I couldn't believe what I was reading. I had no idea (or at least had forgotten) that this little church was located in the community where Doug had lived and died.  We often visited his grave in Chambersburg, Pennsylvania, but I never really knew exactly where he had lived and died.

I was intrigued and immediately took them up on their offer. We had a lovely breakfast together as they tearfully shared the details of that fateful day back in 1973. It was obvious that they still grieved about the whole thing. But our family has never been one to blame other people for these tragedies. I'm so grateful for that legacy! I'm not saying there weren't any struggles, I just never saw any hint of a root of bitterness over these two tragic deaths.

As we drove out through the snowy field and approached the site, I pondered the way our paths had connected without me ever trying to make it happen. My own musical journey was now leading me back to a place that had once again had a major impact on our family—around the theme of death.

When I mentioned this opportunity to my Mother, she replied, in a very sad tone, "I have no desire to see that place." On another day, when I tried to convince her to fly out to New Mexico to see her only living son before she'd be too fragile to travel, she simply said, "I have had enough terror in my life. I don't need anymore." I never brought it up again.

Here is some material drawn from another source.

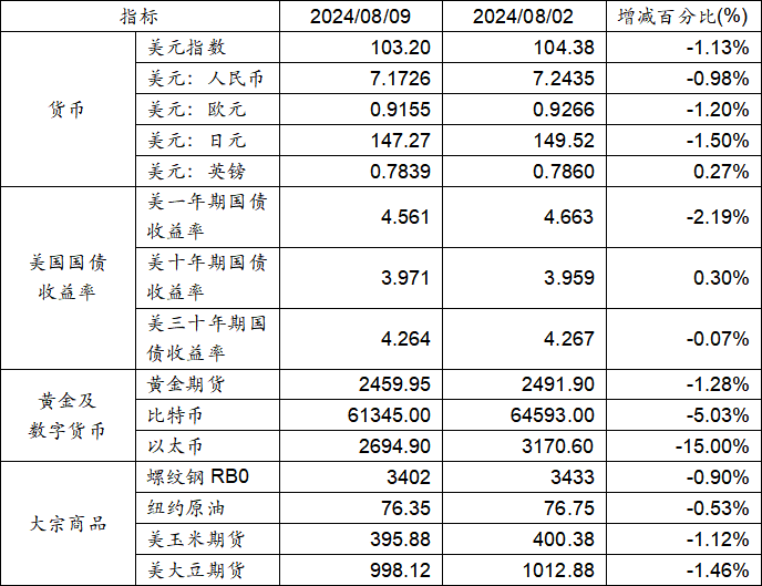 8月2日至8月9日,美元指數下跌1.13%,美元兌人民幣匯率下跌0.98%至1:7.1726。美國一年期及三十年期國債收益率呈現下跌態勢,而十年期國債收益率上漲。黃金期貨價格下跌1.28%。比特幣下跌5.03%。以太幣下跌15.00%。大宗商品中,玉米期貨、大豆期貨、螺紋鋼及紐約原油價格均呈現下跌態勢。
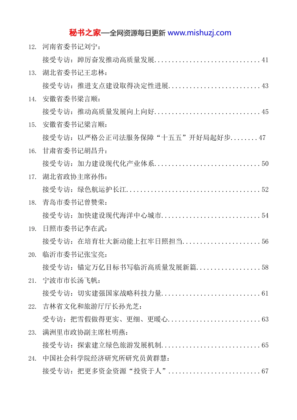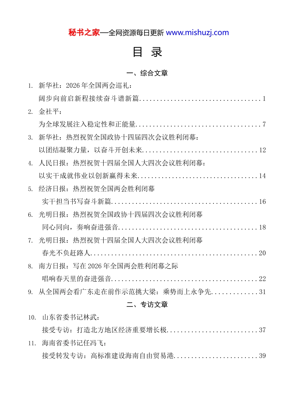 秘书之家—全网资源每日更新 www.mishuzj.com目 录一、综合文章1. 新华社:2026 年全国两会巡礼: 阔步向前启新程接续奋斗谱新篇...................................1 2. 金社平: 为全球发展注入稳定性和正能量....................................7 3. 新华社:热烈祝贺全国政协十四届四次会议胜利闭幕: 以团结凝聚力量,以奋斗开创未来.................................12 4. 人民日报:热烈祝贺十四届全国人大四次会议胜利闭幕: 以实干成就伟业以创新赢得未来...................................14 5. 经济日报:热烈祝贺全国两会胜利闭幕 实干担当书写奋斗新篇..........................................16 6. 光明日报:热烈祝贺全国政协十四届四次会议胜利闭幕 同心同向,奏响奋进强音........................................18 7. 光明日报:热烈祝贺十四届全国人大四次会议胜利闭幕 春光不负赶路人................................................20 8. 南方日报:写在 2026 年全国两会胜利闭幕之际 唱响春天里的奋进强音..........................................22 9. 从全国两会看广东走在前作示范挑大梁:乘势而上永争先.............31 二、专访文章10. 山东省委书记林武: 接受专访:打造北方地区经济重要增长极..........................37 11. 海南省委书记任冯飞: 接受转发专访:高标准建设海南自由贸易港........................39 秘书之家—全网资源每日更新 www.mishuzj.com12. 河南省委书记刘宁: 接受专访:踔厉奋发推动高质量发展..............................41 13. 湖北省委书记王忠林: 接受专访:推进支点建设取得决定性进展..........................43 14. 安徽省委书梁言顺: 接受专访:推动高质量发展向上向好..............................45 15. 安徽省委书记梁言顺: 接受专访:以严格公正司法服务保障“十五五”开好局起好步........47 16. 甘肃省委书记胡昌升: 接受专访:加力建设现代化产业体系..............................50 17. 湖北省政协主席孙伟: 接受专访:绿色航运护长江......................................52 18. 青岛市委书记曾赞荣: 接受专访:加快建设现代海洋中心城市............................54 19. 日照市委书记李在武: 接受专访:在培育壮大新动能上扛牢日照担当......................56 20. 临沂市委书记张宝亮: 接受专访:锚定万亿目标书写临沂高质量发展新篇..................58 21. 宁波市市长汤飞帆: 接受专访:切实建强国家战略科技力量............................61 22. 吉林省文化和旅游厅厅长孙光芝: 受专访:把雪假做得更实、更细、更暖心..........................63 23. 满洲里市政协副主席杜明燕: 接受专访:探索建立绿色旅游发展机制............................65 24. 中国社会科学院经济研究所研究员黄群慧: 接受专访:把更多资金资源“投资于人”..........................67 秘书之家—全网资源每日更新 www.mishuzj.com25. 上海航天信息科技研究院院长伍爱群: 接受专访:五大维度助力低空经济“飞出效益”....................69 26. 接受专访:以高水平安全锻造发展韧性............................71 27. 福建师范大学校长郑家建: 接受专访:坚守教育初心助力区域发展............................74 28. 中国药科大学校长郝海平: 接受专访:提升原创能力培养复合人才............................76 29. 中山大学校长高松: 接受专访:系统发力营造高教优质生态............................78 30. 江西农业大学副校长刘木华: 接受专访:心系乡村振兴积极履职尽责............................80 31. 河南大学校长张锁江: 接受专访:扎根中原大地办好一流大学............................82 32. 南昌大学校长陈晔光: 接受专访:一体谋划构建育人“三个协同”........................84 三、其他文章33. “好房子”建设进入新阶段....

The effects of Doug's death in my own life were softened by the family he left behind. His little girls, Crystal and Kelly, (my nieces) became like little sisters to me, since they are only a few years younger than me. They'd share my double bed with me when they spent time on our farm in the summer. We'd read Winnie the Pooh stories and giggle in our crowded bed. We'd eat home-made ice cream with our own home-grown honey on top. We played house together. I'd play the piano and they would dance in the living room to the music.

They filled a huge hole in my heart and somehow, their presence made Doug feel like he was still here. I know that they experienced his death much differently—after all, he was their Father!

He would be proud of the family that continues to grow all these years after his death. In fact, he is a Grandfather to eight grandchildren and a Great Grandpa to two darling little boys. Tom and I spend many holidays playing the latest table games with this precious family. It keeps the memory of Doug very alive in my heart. Sometimes, I encounter others who tell me they knew Doug and they begin to tell me stories. I eagerly listen.

I resonated with something Amy Grant wrote in her book, Mosaic;

"I enjoy any passing conversation that starts with, "You don't know me, but I knew your....," because even if you've lived in she same place most of your life, sometimes it takes a total stranger to fill in the missing pieces of your family puzzle."